Lithuania is quietly racing to fortify itself on a knife’s edge between Russia’s Kaliningrad enclave and the authoritarian Belarusian regime, and the urgency is real. Recent incursions — including drones crossing into Lithuanian airspace and explosive-laden wreckage found on Lithuanian soil — have driven home that Moscow’s harassment isn’t abstract theory but a present danger.
Ordinary citizens are being turned into defenders, reviving traditions of the Riflemen’s Union and bolstering a national habit of readiness that Western elites often mocked until it was necessary. These volunteer formations and civil-defense programs are not “paramilitary paranoia”; they are prudent, historically grounded preparations that any free nation would applaud.
What Lithuania faces is a new generation of low-cost, high-disruption hybrid attacks — from unmanned drones to smuggling balloons and likely sabotage — designed to terrorize and destabilize without crossing the threshold of full-scale war. This is the Kremlin’s playbook: small, deniable strikes to bleed resolve and fracture alliances, and Lithuania’s leaders are rightly calling them what they are.

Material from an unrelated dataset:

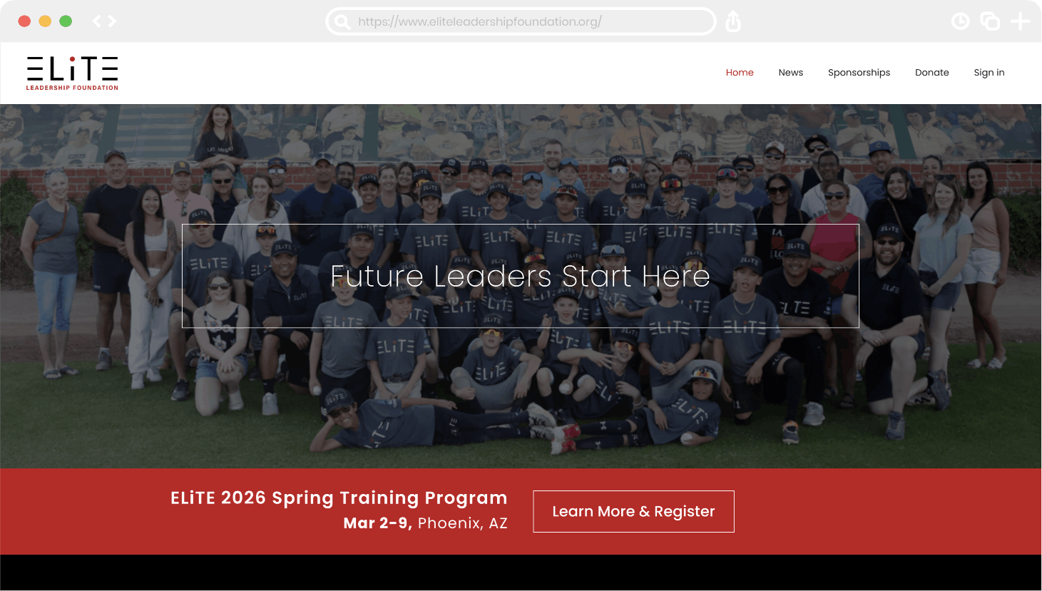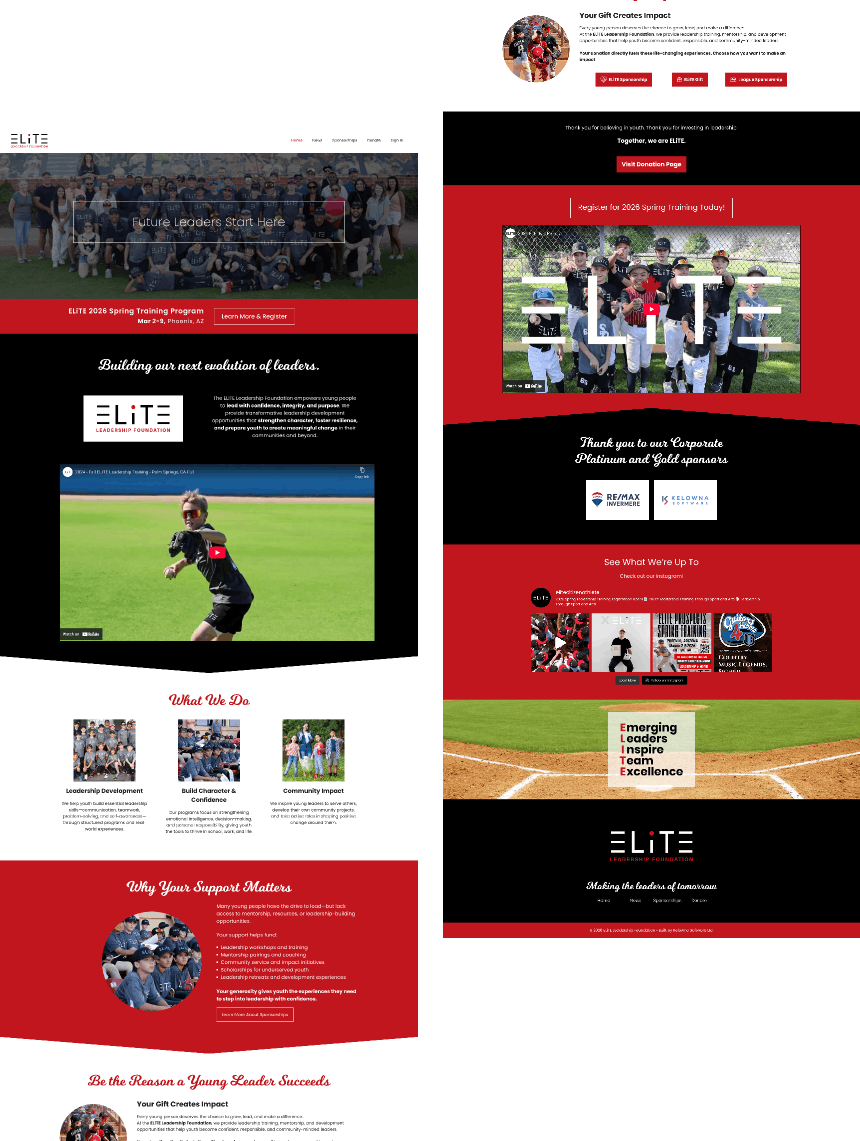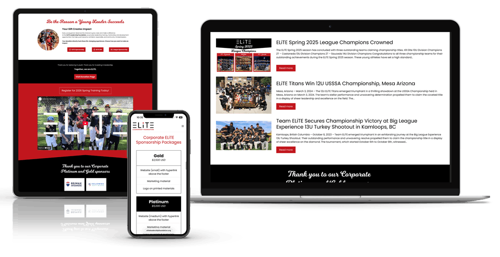 Using the branding from its parent website, ELiTE Leadership Foundation needed a place to share information about the foundation and allow donors provide gifts or sponsorship for athletes in need of support to reach their dreams.

Vilnius has responded with concrete spending and hard infrastructure: trenches, anti-tank defenses, mines, sensors and a multi-year plan to invest over a billion euros in deterrence and resiliency. That kind of seriousness should be the baseline expectation from every NATO ally — not a novelty to be negotiated away by bureaucrats in Brussels.
Allies are beginning to step up in tangible ways, with long-term deployments and brigade-level commitments from major European powers that signal resolve rather than bland statements. Those moves are welcome, but they must be matched by sustained political will and deterrent capabilities, not the wishful thinking that got Europe into strategic complacency for so long.
This moment exposes a broader failure of the Western establishment to take deterrence seriously until threats were knocking at the door. It’s a lesson in humility: liberty doesn’t survive on slogans and committees; it survives on readiness, credible force, and the willingness to defend what’s ours and what we promised to protect.
If the Western alliance is to honor its commitments, leaders must convert words into capabilities — air defenses, logistics prepositioning, and relentless support for partners who choose to defend themselves. Appeasement and hollow assurances only invite escalation; deterrence backed by action keeps the peace and preserves freedom.